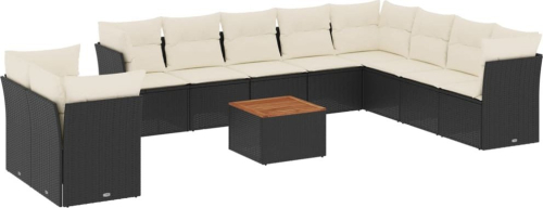 vidaXL 11-cz. zestaw wypoczynkowy do ogrodu, poduszki czarny rattan PE
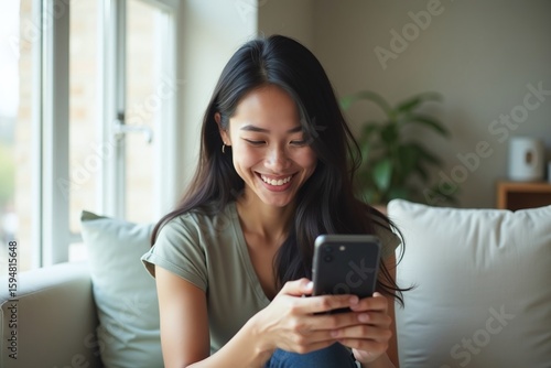 Happy woman using smartphone at home, online shopping, natural light
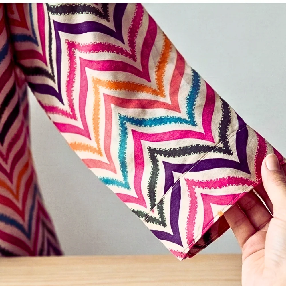 - ট্রেন্ডি মাল্টিকালার জিগজ্যাগ স্ট্রাইপ প্রিন্ট।

- WHAT TO PRODUCE: Produce an exact copy of every line above, with the images left out.

- SOLUTION TO THIS PROBLEM:
 vidaXL 11-cz. zestaw wypoczynkowy do ogrodu, poduszki czarny rattan PE
 Happy woman using smartphone at home, online shopping, natural light
 - ট্রেন্ডি মাল্টিকালার জিগজ্যাগ স্ট্রাইপ প্রিন্ট।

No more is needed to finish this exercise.